Extracted data entries

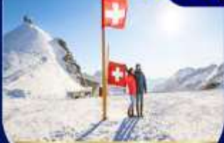
ยอดเขาวงพร้าว
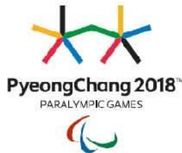
2018 평창 동계패럴림픽 엠블럼
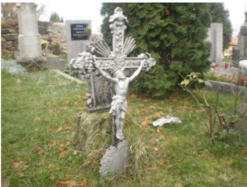
Tentokrát jen horní část kovového kříže – fotografie z r.2011.
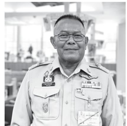
โดยคณะทำงานจะนำหมนำหลักการทรงงาน หลักปรัชญาของเศรษฐกิจ

ร่องขุยพร้อมระบบส่งน้ำอันเนื่องมาจากพระราชดำริ จังหวัดพะเยา โครงการเขื่อนป่าสักชลสิทธิ์ จังหวัดลพบุรี โครงการพัฒนาแหล่งน้ำสองฝั่งลำน้ำชีอันเนื่องมาจากพระราชดำริ จังหวัดชัยภูมิ และโครงการอาคารอัดน้ำบ้านเนินทองพร้อมระบบส่งน้ำอันเนื่องมาจากพระราชดำริ จังหวัดระนอง
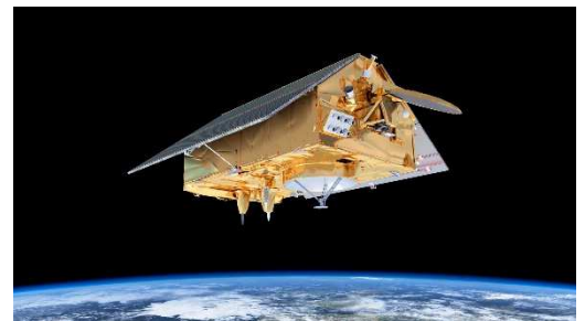
Figure 1. Satellite Jason-CS/Sentinel-6
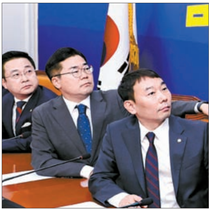
박찬대 더불어민주당 원내대표(가운데)가 31일 서울 여의도 국회에서 긴급 기자회견을 열고 윤석열 대통령과 명태균씨의 통화 내용을 확보했다며 녹취록을 공개하고 있다.

서 나한테 듣고 왔길래 내가 김영선이 경선 때도 열심히 뛰었으니까 그건 김영선이 좀 해줘라 했는데, 말이 많네 당에서"라고 말했다. 이에 명씨는 "진짜 평생 은혜를 잊지 않겠습니다. 고맙습니다"라고 답했다. 김 전 의원은 통화 다음 날인 5월 10일 경남 창원외곽 지역 국회의원 후보로 공천받았고, 6월 1일 보궐 선거에서 당선됐다.

### Work instructions
All lines from the line with "Tentokrát jen horní" through the final line of the data, both included, are to be repeated exactly; no other lines and no pictures.

### Exercise response
Tentokrát jen horní část kovového kříže – fotografie z r.2011.
โดยคณะทำงานจะนำหมนำหลักการทรงงาน หลักปรัชญาของเศรษฐกิจ

ร่องขุยพร้อมระบบส่งน้ำอันเนื่องมาจากพระราชดำริ จังหวัดพะเยา โครงการเขื่อนป่าสักชลสิทธิ์ จังหวัดลพบุรี โครงการพัฒนาแหล่งน้ำสองฝั่งลำน้ำชีอันเนื่องมาจากพระราชดำริ จังหวัดชัยภูมิ และโครงการอาคารอัดน้ำบ้านเนินทองพร้อมระบบส่งน้ำอันเนื่องมาจากพระราชดำริ จังหวัดระนอง
Figure 1. Satellite Jason-CS/Sentinel-6
박찬대 더불어민주당 원내대표(가운데)가 31일 서울 여의도 국회에서 긴급 기자회견을 열고 윤석열 대통령과 명태균씨의 통화 내용을 확보했다며 녹취록을 공개하고 있다.

서 나한테 듣고 왔길래 내가 김영선이 경선 때도 열심히 뛰었으니까 그건 김영선이 좀 해줘라 했는데, 말이 많네 당에서"라고 말했다. 이에 명씨는 "진짜 평생 은혜를 잊지 않겠습니다. 고맙습니다"라고 답했다. 김 전 의원은 통화 다음 날인 5월 10일 경남 창원외곽 지역 국회의원 후보로 공천받았고, 6월 1일 보궐 선거에서 당선됐다.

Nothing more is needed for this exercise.